| EXERCISE |
Once the pictures are set aside, copy everything else in the records exactly.

| AVAILABLE DATA |
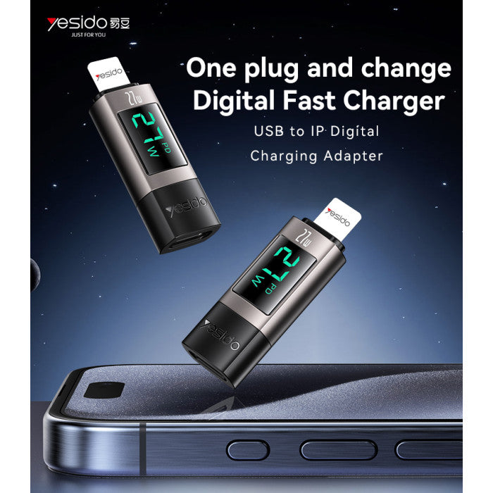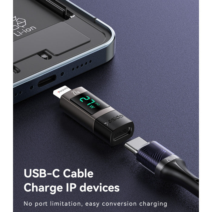 GS25 Yesido Aluminum Alloy Data Transmission 27W High Power Real-time Display USB-C to IP Digital Charging Adapter.
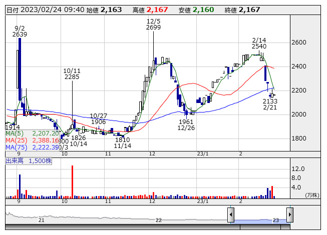 2023/02/22 16.75% → 13.33% 125,000 2023/02/24 10:02
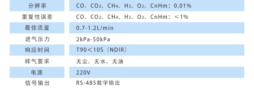 CO、CO2、CH4、CnHm:≤±1%FS H2、O2:≤±2%FS |
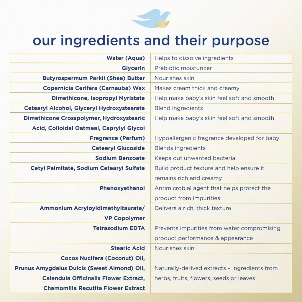 Baby Dove Sensitive Melanin-Rich Cream Newborn Hypoallergenic Nourishing Moisturizer kundalik foydalanish uchun mos keladi va sizning chaqalog'ingizning terisi sog'lom va baxtli bo'lish uchun kerakli namlikni ta'minlashga yordam beradi.
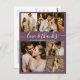 Elegant, Minimalist Mauve Script Wedding 5 Photo Collage Thank You Postcard. Modern wedding thank you card template featuring five (5) photo on the front and one (1) photo on the back. With the text "Love and thanks" in a swirly hand lettered typography script font in white on mauve or dusty plum purple background colour. Add your name, photos and thank you message. If you prefer to handwrite your note, just delete the sample text to make more space. Please contact me if you need help with this design.
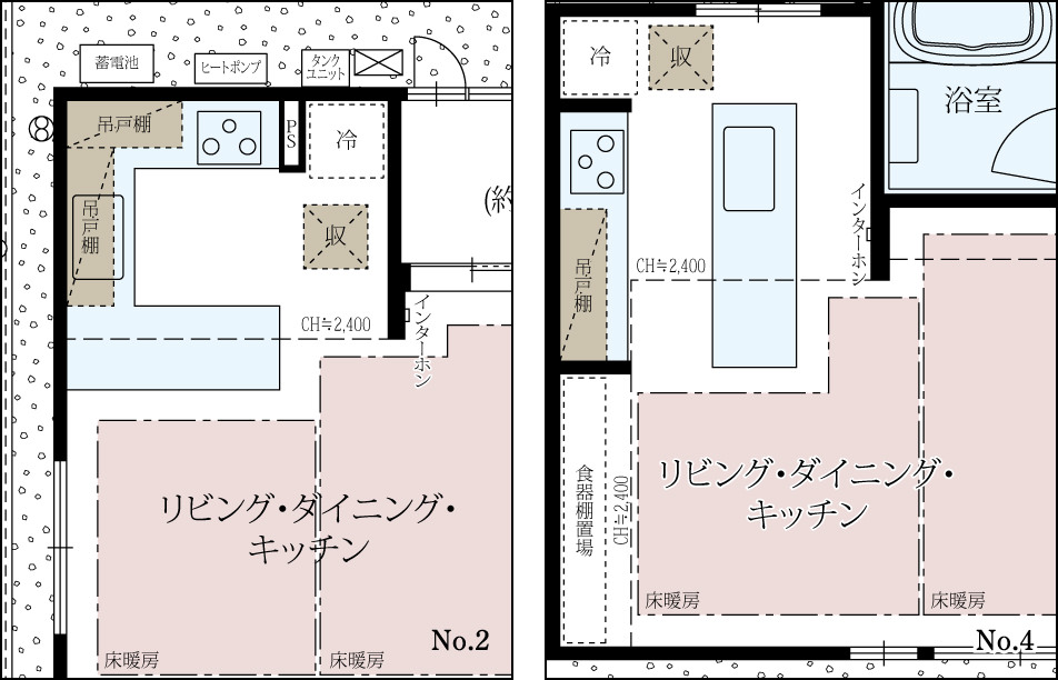 ※コの字型キッチン:No.2に採用 ※セパレートアイランドキッチン:No.4・7に採用
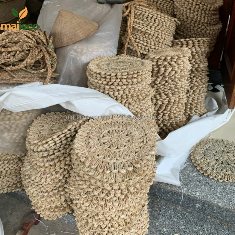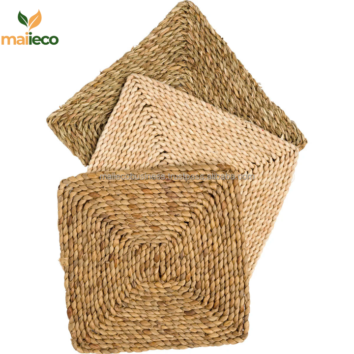 Mantel de mesa de estilo bohemio hecho a mano de alta calidad, jacinto de agua cuadrado Natural, Material de algas marinas de vidrio tejido, cartón de estilo bohemio

| ANSWER FOR THE TASK |
 GS25 Yesido Aluminum Alloy Data Transmission 27W High Power Real-time Display USB-C to IP Digital Charging Adapter.
 2023/02/22 16.75% → 13.33% 125,000 2023/02/24 10:02
 CO、CO2、CH4、CnHm:≤±1%FS H2、O2:≤±2%FS |
 Baby Dove Sensitive Melanin-Rich Cream Newborn Hypoallergenic Nourishing Moisturizer kundalik foydalanish uchun mos keladi va sizning chaqalog'ingizning terisi sog'lom va baxtli bo'lish uchun kerakli namlikni ta'minlashga yordam beradi.
 Elegant, Minimalist Mauve Script Wedding 5 Photo Collage Thank You Postcard. Modern wedding thank you card template featuring five (5) photo on the front and one (1) photo on the back. With the text "Love and thanks" in a swirly hand lettered typography script font in white on mauve or dusty plum purple background colour. Add your name, photos and thank you message. If you prefer to handwrite your note, just delete the sample text to make more space. Please contact me if you need help with this design.
 ※コの字型キッチン:No.2に採用 ※セパレートアイランドキッチン:No.4・7に採用
 Mantel de mesa de estilo bohemio hecho a mano de alta calidad, jacinto de agua cuadrado Natural, Material de algas marinas de vidrio tejido, cartón de estilo bohemio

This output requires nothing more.